Если сверху – не так.
– Ты хорошо стреляешь из лука, – сказал Калхант, часто-часто моргая. – Лучше всех. Наверное, лучше Тевкра Теламонида. Кто тебя учил?
Одиссей хотел ответить, но раздумал. Ясновидец, мастер вопросов, меньше всего нуждался в ответе. Просто дал понять: он видел, как рыжий бьет из лука, вскочив на чью-нибудь колесницу. Он видел, странноглазый Калхант, а больше – никто. Итакиец уже успел заметить: бьешься копьем – всем видно, рубишься мечом – всем ясно, камни мечешь – тоже…
Берешь в руки лук – отрезало.
Удивляются: стрелял? этот, рыжий? что, правда?!
– Ты хорошо стреляешь, – повторил Калхант. Он сегодня все время повторял: скажет и повторит. Не разговор, а чистое тебе эхо в горах. Будто думает о другом и, едва произнеся, забывает собственные слова. – Ты стреляешь, как дышишь. Как любишь. Кто тебя учил?
И почти сразу, быстрым шепотом:
– Не надо! Молчи… Я вижу. О да, я вижу!..
– Туда смотри, – Одиссей ткнул пальцем наискосок вверх. – Там птички летают. И видь себе, сколько влезет. А мне поножи надо чинить. Мои вчера совсем… а, чтоб тебя! Порезался из-за болтовни твоей дурацкой!..

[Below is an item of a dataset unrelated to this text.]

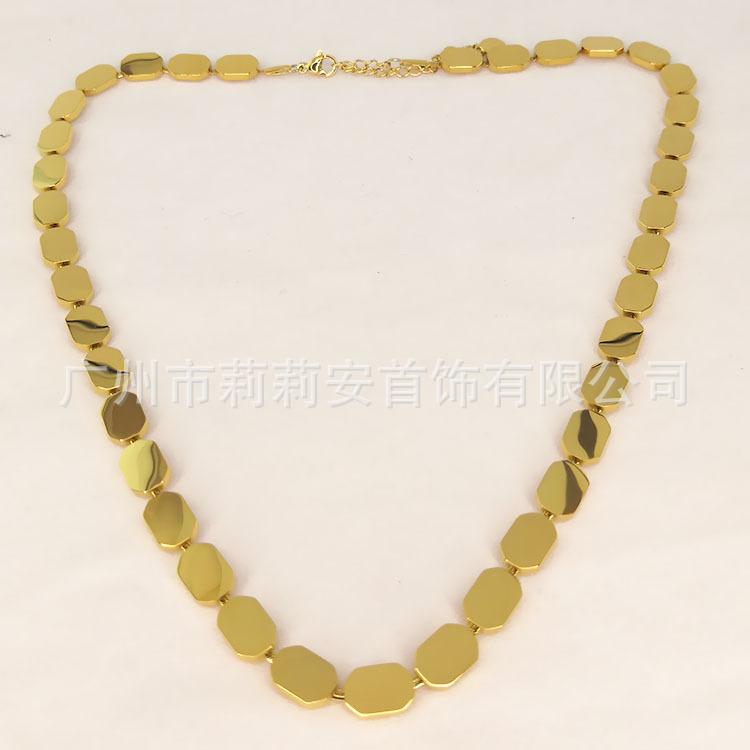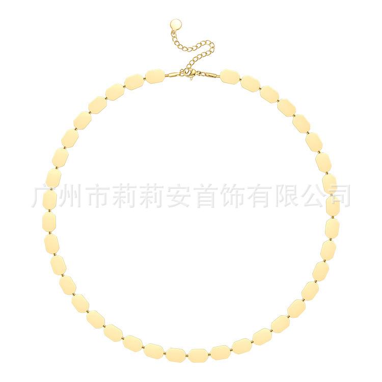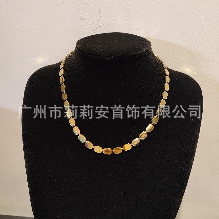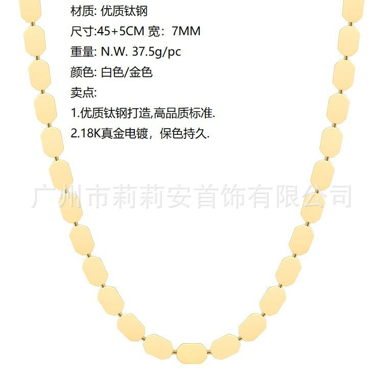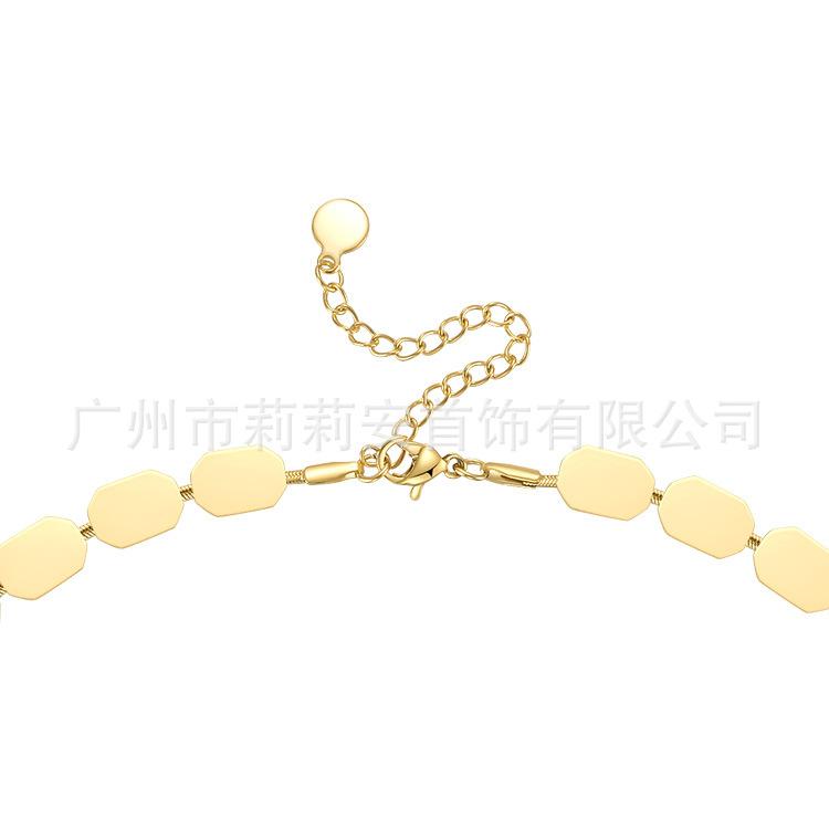 Collar de cadena octagonal geométrica lisa europea y americana de acero de titanio chapado en oro de 18 quilates de alta calidad con estilo hip hop callejero P213229

– Помнишь, ты на меня кинулся? – спросил Калхант, обжигая дыханием затылок. – При первой нашей встрече?
– Да помню, помню… Твоя охрана еще котомку у меня сперла. И сандалии. На медной, между прочим, подошве.
Улыбка примерзла к сухим губам пророка.
Впиталась в каждую трещинку.
– Нет, ты иначе вспомни. Вот я еду, вот ты – невесть откуда, внезапно; потом – драка, и мои солдаты, в синяках, но гордые, удаляются. Ничего не напоминает?
– Ничего. Слушай, дай закончить! Тебе что, больше поговорить не с кем?!
– Не с кем. Ты и сам прекрасно знаешь: не с кем. Сплошные герои.
– А мы с тобой? Не герои?!
– Мы – нет. Я пророк-предатель. Ты – дурак.
Одиссей хотел было обидеться: шумно, напоказ. В ухо дать. Послать к Ехидне. Только – «Дурак! Дурак!..» – отдалось в сказанном Калхантом знакомой насмешкой. Как он только что шептал, ясновидец?
«Не надо! Молчи… Я вижу. О да, я вижу!..»
– Ходил к Патроклу, – продолжил Калхант, словно не замечая творившегося с рыжим. – Думал: он изгнанник, как я… не герой – спутник героя. Думал, поймет.
– Ну и как?
– Никак. Почти понял.
– Как мы почти взяли Трою?
– Ага. Вот и выходит, что народу тьма, а поговорить не с кем. Ты все-таки вспомни, ладно? Вот я еду, вот ты – внезапно…
…Вчера внезапно свалились меоны. Закидали камнями, до подхода основных сил вступили в резню с пилосскими дружинами; потом успели нырнуть в Трою, под защитой башенных лучников. Позавчера – пафлагонцы. Долина вскипела колесницами, чуть позже малыш опомнился: налетел, смял, опрокинул… Остатки пафлагонцев втянулись в город, отдав неистовому оборотню на откуп раненых и отставших.
Перед тем: ликийцы. Волчий вой, кривые ножи… один гад, раненый, укусил меня за ногу: сзади, под коленкой.
Перед ликийцами: варвары-кары.
И всякий раз мы, в синяках, но гордые очередной победой, возвращались в лагерь. Растаскивали добро из чужих котомок, обували сандалии на медной подошве, хорошие сандалии, удобные… и телегами возили бревна из лысеющих рощ – для погребальных костров.
Выигрывая битву за битвой.
Проигрывая войну.
Уходили дымом в лазурь сыновья Геракла, Истребителя Чудовищ. Внуки Персея-Горгоноубийцы и Беллерофонта, победителя Химеры. Племянники Тезея Афинского, потомки аргонавтов. Полубоги, боги на треть, на четверть, на восьмушку, на одну десятую…
Беда, говорят, пахнет дымом.
А победа?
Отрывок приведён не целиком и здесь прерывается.